= Brigade for the Security of Protected Areas =

Armed force set up in Haiti

The Brigade for the Security of Protected Areas (French: Brigade de Sécurité des Aires Protégées; Haitian Creole: Brigad Sekirite Zòn Pwoteje yo) is an armed paramilitary force set up by Haiti's Environmental Ministry. It's said to be an "ally" to Guy Philippe.
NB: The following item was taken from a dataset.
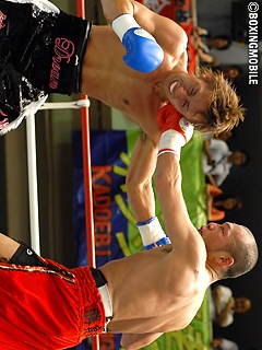 試合:開始と同時に両者積極的に仕掛ける。打ち合いの中、東上が左ボディをヒットさせペースを掴む。秋葉もワンツー・左フックで反撃に打って出るが、東上が左ボディを軸に自身の距離をキープ。ワンツー・左フックをヒットさせポイントを奪う。中盤に入ると、東上はロングレンジから飛び込むように左フックをヒット。5R終了間際、東上がワンツーをヒットさせ一気にラッシュ。秋葉をダウン寸前まで追い詰める。終盤、東上は左ボディをコンスタントにヒットさせワンツーで仕掛ける。秋葉も左フック・ワンツーを返すが、東上が手数・クリーンヒットで上回りポイントアウト。最終8R、KO以外に勝利は奪えない秋葉は距離を詰め打撃戦を挑むと、東上もこれに応える。互いに引かない打撃戦を展開するも試合は判定に。終始、東上が左ボディを軸に試合を組み立て、ワンツー・左フックをヒットさせポイントを奪い、判定3-0で勝利を掴んだ。日本フェザー級3位の秋葉を降した東上は、この勝利で悲願の日本ランキング入りを確実にした。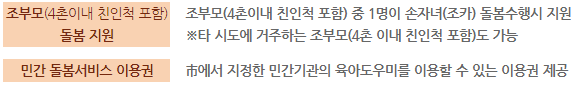 ▶ 조부모/민간 돌봄 서비스 이용 달에 정부지원 아이돌봄 서비스 중복 이용시 해당월 돌봄비 지원 불가

As of mid-April 2025, there were no indications of integrating the force into the Haitian Security apparatus. With Haiti’s Transitional Presidential Council calling for its integration. The group originally founded by former Environment Minister Pierre Simon Georges under the Moïse presidency. With the force being accused of illegal activities and badly regulated. Originally intended for environmental protection, of protected areas, has since become involved in the Haitian Gang war. With an spokesman saying "We, the BSAP agents, are mostly former military personnel. We are well-versed in various combat tactics" and "We are determined to respond to the call issued by the Presidential Transition Council, because it is crucial for the state [country’s officials] to regain control over the security situation." The group being accused of having previously planned a coup.
Its official size is 100 members and an $1.65 million budget. With an estimated actual size of 900. With 6,000 self-claimed members, according to "senior Brigade agents".